Precedentemente, nel 2015, era stata presa la medesima decisione in riferimento al farmaco contraccettivo d’emergenza estroprogestinico denominato “EllaOne”.

Il farmaco Norlevo è definito come contraccettivo  d’emergenza da un rapporto non protetto o dal fallimento di un altro metodo contraccettivo, a base progestinica.

Due sono le perplessità: la prima è legata alla diseducazione sociale alla sessualità. E’ opportuno, in un momento storico dove le persone (soprattutto i giovani) sono sotto la costante minaccia di contrarre un’infezione venerea -ogni anno in Italia ci sono 4mila nuovi casi di positività al virus HIV, per non parlare dei casi di epatite B ecc- proporre una contraccezione farmacologica d’emergenza somministrabile senza alcun controllo, con ciò incentivando la già scarsa utilizzazione di contraccettivi migliori -dal punto di vista della propria sicurezza- quali il preservativo?

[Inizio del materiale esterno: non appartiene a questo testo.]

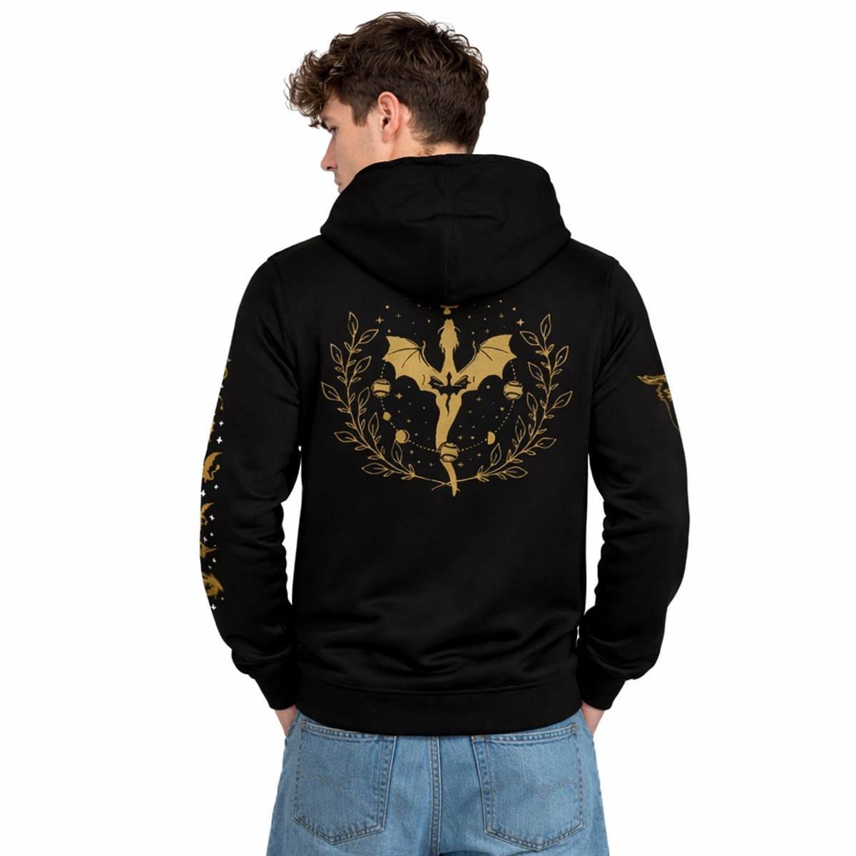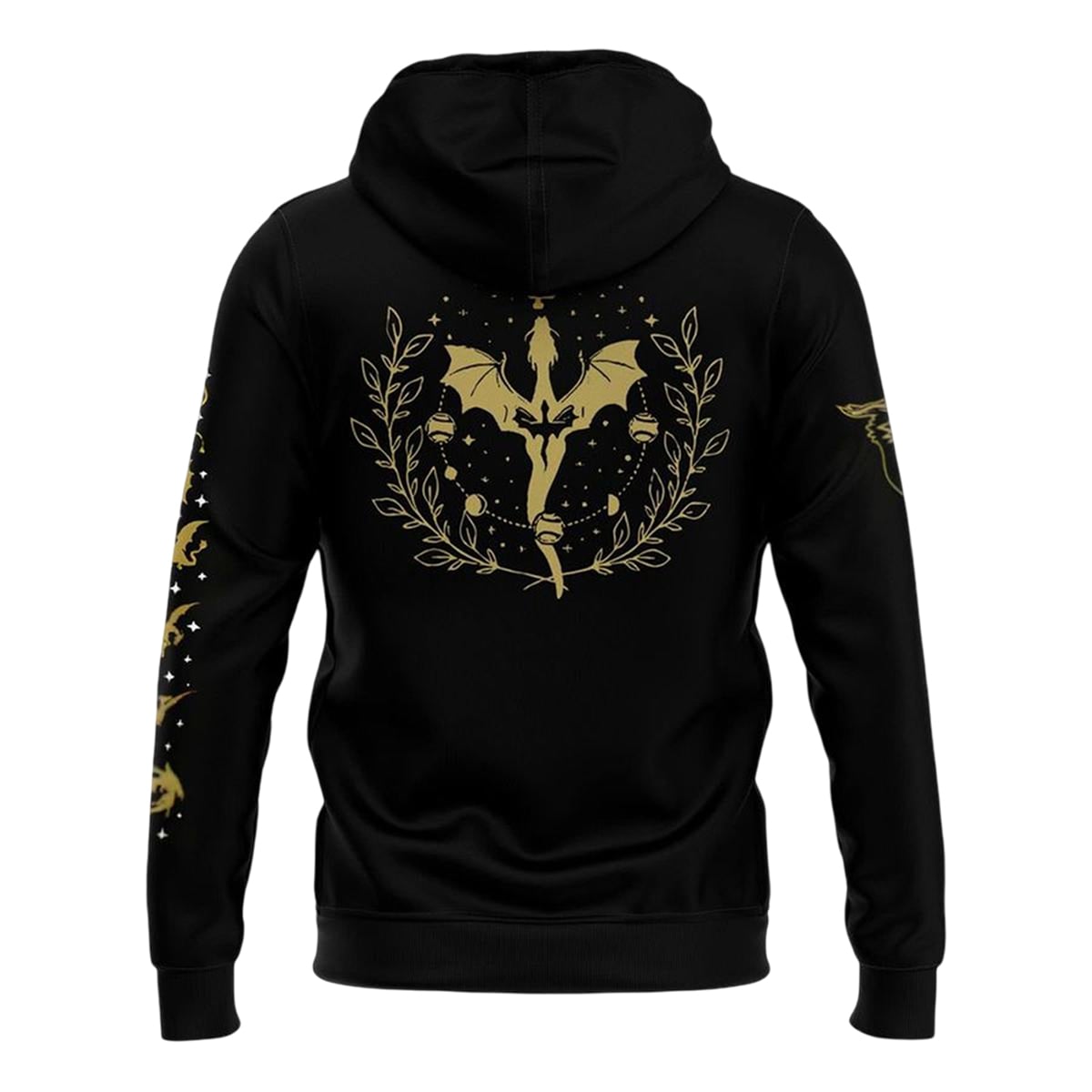 The sprawling dragon on the back is a direct homage to the formidable beasts of the Fourth Wing universe, symbolizing power, intuition, and untamed magic. The surrounding celestial bodies—the stars and moon phases cascading down the sleeves and framing the back—nod to the night sky where the dragons soar, while the laurel branches represent victory, triumph, and survival in the grueling challenges of both the War College and the baseball diamond.

La seconda è di tipo logico: come è possibile imporre la prescrizione medica per le pillole anticoncezionali estroprogestiniche orali (ad esempio, tra i tanti, i farmaci denominati “Minesse”, “Arianna”, “Jasmine”, “Yaz” ecc) e non per anticoncezionali d’emergenza come il Norlevo? E’ infatti noto come il meccanismo d’azione si basi sull’assunzione di ormoni estroprogestinici e che tali ormoni siano in quantità sensibilmente inferiore negli anticoncezionali orali ordinari rispetto alle sostanziali quantità rinvenibili in quelli d’emergenza somministrati senza obbligo di ricetta, rinvenendosi proprio nelle eventuali problematiche legate all’assunzione di un estroprogestinico la ragione dell’obbligata prescrivibilità dei contraccettivi orali ordinari.

Sarebbe, banalizzando, come richiedere la patente per guidare una utilitaria e poi consentire la guida senza patente di auto sportive di grande potenza.

Si ritiene che si debba ritornare al regime precedente all’anno 2016 e richiedere a chiunque intenda assumere il farmaco “Norlevo”, nell’interesse della salute del paziente che lo assume, una prescrizione del proprio medico.